● **Exercise objective**:
The lines from the start of the data through the line with "Skeidar hjørnesofa lys grå stoff 5 seater" are to be returned verbatim; all later lines are to be omitted.

● **Data in this exercise**:
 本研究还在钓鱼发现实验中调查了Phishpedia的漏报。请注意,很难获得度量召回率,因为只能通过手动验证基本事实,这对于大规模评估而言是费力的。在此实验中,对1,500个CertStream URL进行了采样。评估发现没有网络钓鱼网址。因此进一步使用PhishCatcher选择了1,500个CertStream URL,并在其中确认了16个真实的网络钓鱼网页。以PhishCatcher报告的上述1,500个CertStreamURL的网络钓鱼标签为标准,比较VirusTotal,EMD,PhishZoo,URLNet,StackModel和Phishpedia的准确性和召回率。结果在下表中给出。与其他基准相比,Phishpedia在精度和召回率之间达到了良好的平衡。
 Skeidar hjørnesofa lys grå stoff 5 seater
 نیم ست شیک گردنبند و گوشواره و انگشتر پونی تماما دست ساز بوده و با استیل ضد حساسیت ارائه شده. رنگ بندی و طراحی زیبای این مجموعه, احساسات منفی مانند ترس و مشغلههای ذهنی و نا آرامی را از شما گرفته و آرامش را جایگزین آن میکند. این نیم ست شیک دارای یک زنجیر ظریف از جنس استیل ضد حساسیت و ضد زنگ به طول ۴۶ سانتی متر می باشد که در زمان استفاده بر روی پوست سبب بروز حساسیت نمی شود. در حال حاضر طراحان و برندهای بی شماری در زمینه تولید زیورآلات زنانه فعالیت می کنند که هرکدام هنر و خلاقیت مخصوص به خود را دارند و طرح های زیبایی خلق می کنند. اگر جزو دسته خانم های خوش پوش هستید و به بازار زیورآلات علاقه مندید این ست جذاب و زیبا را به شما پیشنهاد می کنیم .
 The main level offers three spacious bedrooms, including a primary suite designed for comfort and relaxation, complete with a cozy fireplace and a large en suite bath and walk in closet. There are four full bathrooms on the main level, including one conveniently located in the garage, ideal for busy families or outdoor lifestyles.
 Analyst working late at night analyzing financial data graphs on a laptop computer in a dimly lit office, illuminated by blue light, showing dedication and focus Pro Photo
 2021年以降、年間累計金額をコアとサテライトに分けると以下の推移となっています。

● **Written answer**:
 本研究还在钓鱼发现实验中调查了Phishpedia的漏报。请注意,很难获得度量召回率,因为只能通过手动验证基本事实,这对于大规模评估而言是费力的。在此实验中,对1,500个CertStream URL进行了采样。评估发现没有网络钓鱼网址。因此进一步使用PhishCatcher选择了1,500个CertStream URL,并在其中确认了16个真实的网络钓鱼网页。以PhishCatcher报告的上述1,500个CertStreamURL的网络钓鱼标签为标准,比较VirusTotal,EMD,PhishZoo,URLNet,StackModel和Phishpedia的准确性和召回率。结果在下表中给出。与其他基准相比,Phishpedia在精度和召回率之间达到了良好的平衡。
 Skeidar hjørnesofa lys grå stoff 5 seater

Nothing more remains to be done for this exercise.